Illuccix (Kit for the preparation of 68Ga PSMA-11 Injection) is a positron emission tomography (PET) agent for the diagnostic imaging of men with prostate cancer.
The TGA has approved Illuccix for patients with prostate cancer who are at risk of metastasis and who are suitable for initial definitive therapy as well as those with prostate cancer who have suspected recurrence based on elevated serum prostate-specific antigen (PSA) level.
Illuccix, after radiolabeling with gallium-68, is the first commercially approved PSMA-PET imaging agent available in Australia.
Telix's Dr David Cade said, “The approval of Illuccix means Australian patients with prostate cancer will have broad access to a TGA-approved PSMA-PET imaging agent.
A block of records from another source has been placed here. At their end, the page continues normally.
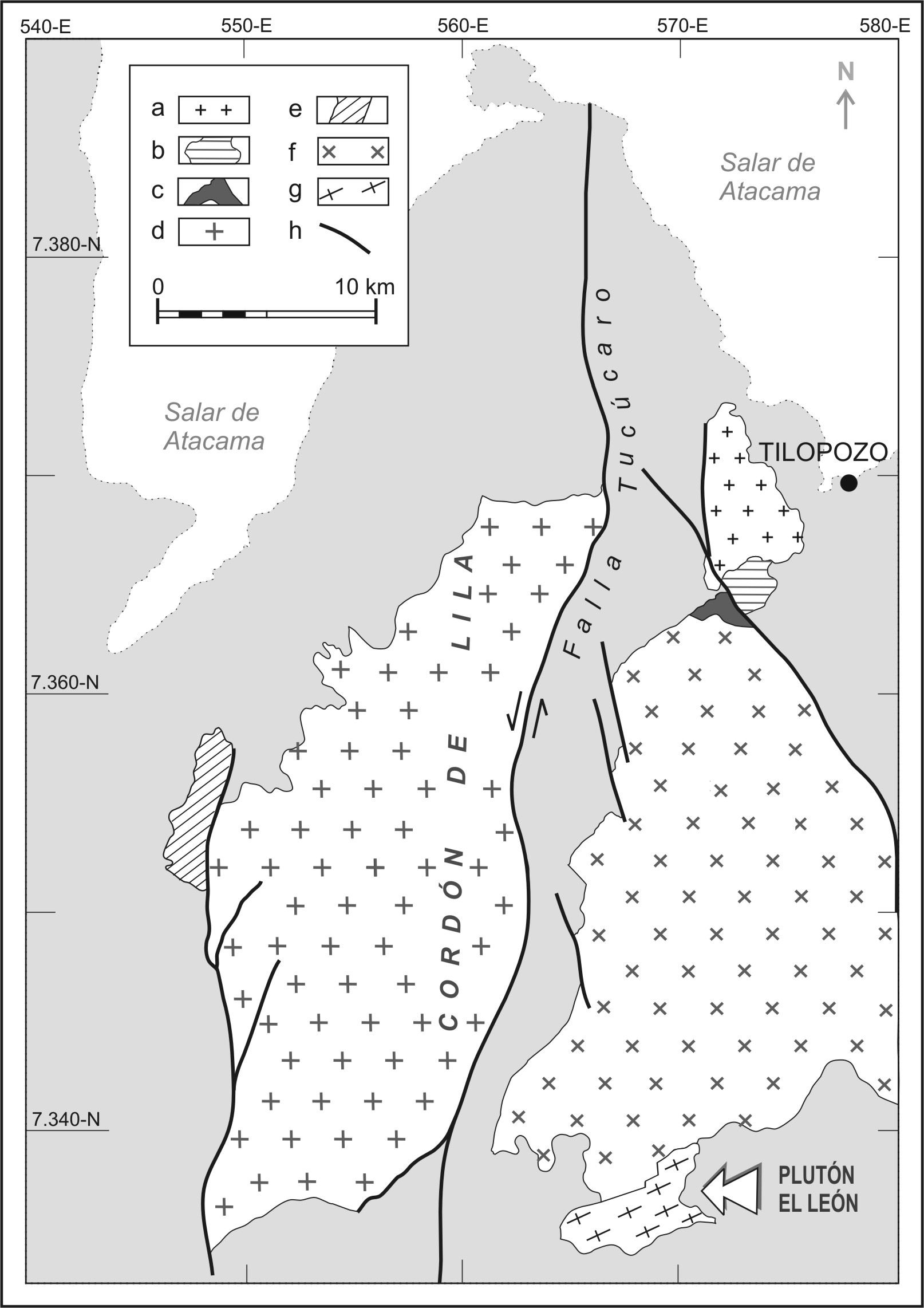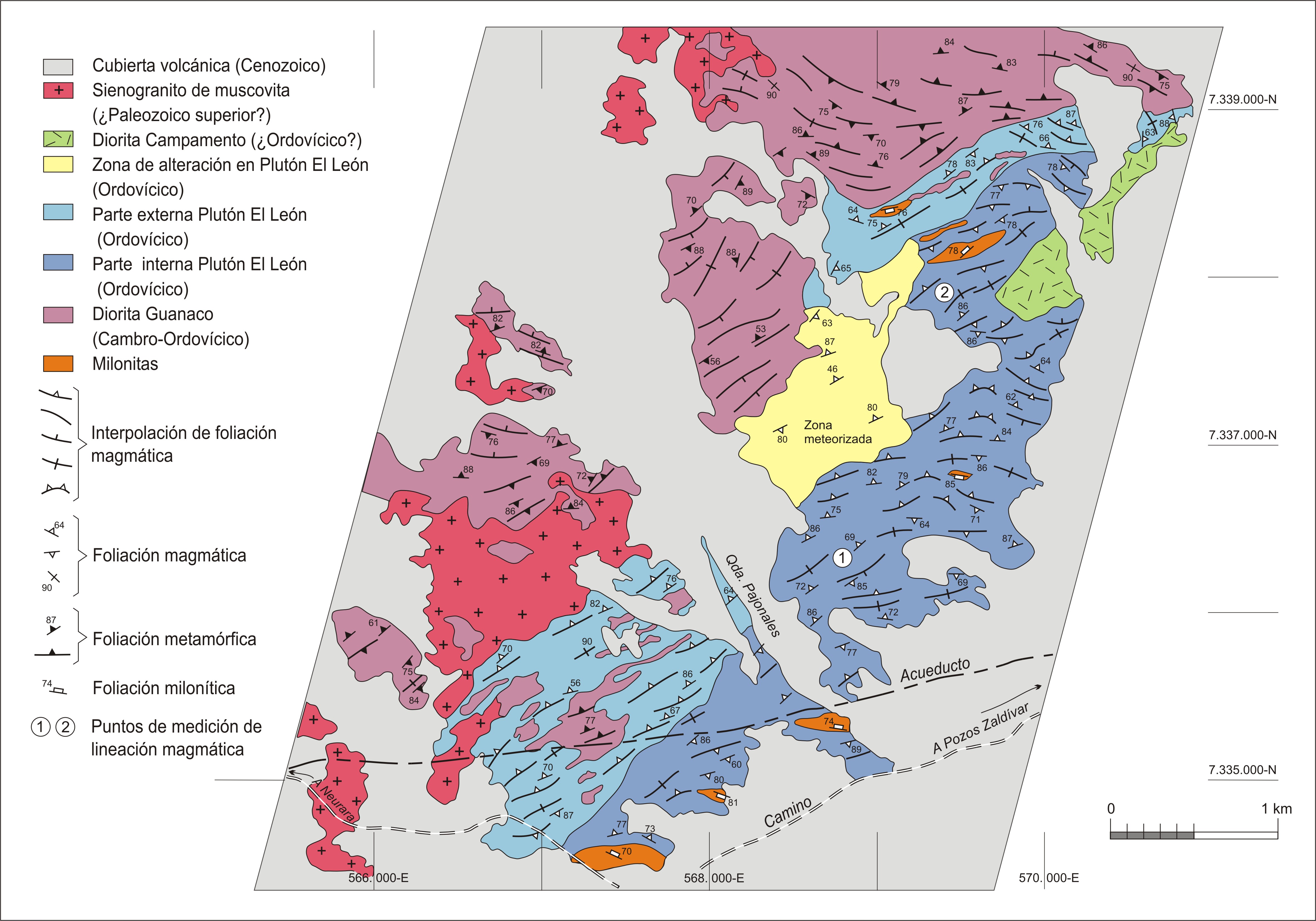La mayoría de los plutones ordovícicos (ca. 483-475 Ma) del Cordón de Lila son cuerpos intrusivos de carácter post-tectónico emplazados en la epizona (Valencia, 2014). La excepción está constituida por el Plutón El León (467 Ma), que es el único que presenta deformación sinmagmática, materializada por una foliación magmática paralela a su elongación en dirección NE (Fig. 2).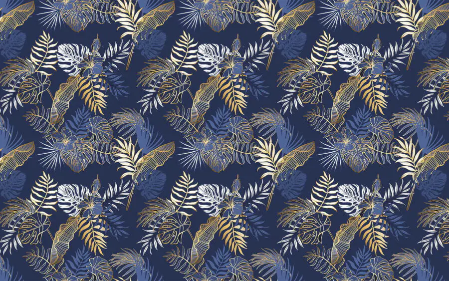 Фотошпалери Візерунок листя на синьому тлі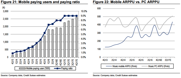Game broadcasting is a challenging business as the operating cost is very high. The range of annual compensation for the top 10 hosts was 10 to 20 million RMB in Jan. 2015 the same is 17 to 40 million RMB in May 2016. Therefore, future growth will continue to favor the larger players who have more capital and resources to expand. In fact, we see promising trends of achieving greater operating leverage in this segment in recent earnings. Paying user is up 105% QoQ or 134% YoY in 3Q. Mobile contributed 39% of its revenues, a big step-up from 25% in 2Q.

This new mode of imaging has been recognised in leading clinical practice guidelines as superior to conventional imaging with CT1 or MRI2, for the staging of prostate cancer. Illuccix attaches to prostate cancer cells expressing PSMA and can be picked up by a PET scanner, giving physicians the ability to visualise tumour cells, including very small metastases, wherever they are in the body.”
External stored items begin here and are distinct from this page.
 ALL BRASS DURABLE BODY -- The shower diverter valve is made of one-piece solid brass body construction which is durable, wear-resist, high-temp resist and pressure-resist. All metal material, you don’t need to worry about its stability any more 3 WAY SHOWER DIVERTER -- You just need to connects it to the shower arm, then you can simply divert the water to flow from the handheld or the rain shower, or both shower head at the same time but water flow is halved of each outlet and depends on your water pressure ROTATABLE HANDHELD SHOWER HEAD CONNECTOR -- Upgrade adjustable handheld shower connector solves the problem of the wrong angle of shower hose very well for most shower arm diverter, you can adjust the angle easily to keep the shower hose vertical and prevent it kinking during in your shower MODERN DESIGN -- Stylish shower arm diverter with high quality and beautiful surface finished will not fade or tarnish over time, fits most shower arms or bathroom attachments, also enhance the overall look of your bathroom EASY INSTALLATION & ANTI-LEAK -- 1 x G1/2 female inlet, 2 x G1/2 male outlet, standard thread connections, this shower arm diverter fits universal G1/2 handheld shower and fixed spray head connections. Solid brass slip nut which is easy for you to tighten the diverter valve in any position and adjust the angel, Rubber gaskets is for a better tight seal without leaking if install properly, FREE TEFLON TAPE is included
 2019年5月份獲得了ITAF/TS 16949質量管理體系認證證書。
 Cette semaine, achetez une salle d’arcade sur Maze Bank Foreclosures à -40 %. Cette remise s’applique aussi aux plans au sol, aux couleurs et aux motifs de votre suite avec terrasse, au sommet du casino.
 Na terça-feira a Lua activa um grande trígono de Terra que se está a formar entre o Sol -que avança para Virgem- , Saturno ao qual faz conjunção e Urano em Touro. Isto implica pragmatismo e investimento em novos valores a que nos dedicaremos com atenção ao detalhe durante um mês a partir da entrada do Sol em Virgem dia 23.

CEO Dr Christian Behrenbruch added, “PSMA-PET imaging has been one of the most important developments in prostate cancer management in recent years. As an Australian company, we are especially pleased to be delivering the first TGA-approved, GMP manufactured PSMA-PET imaging agent that will be widely available to Australian patients. The TGA is a sophisticated regulatory authority that is highly regarded in the Asia Pacific region. This approval is an important milestone for Telix, demonstrating the approvability of Illuccix and establishing a blueprint for a series of near-term regulatory submissions and reviews in other important markets across the Asia Pacific.”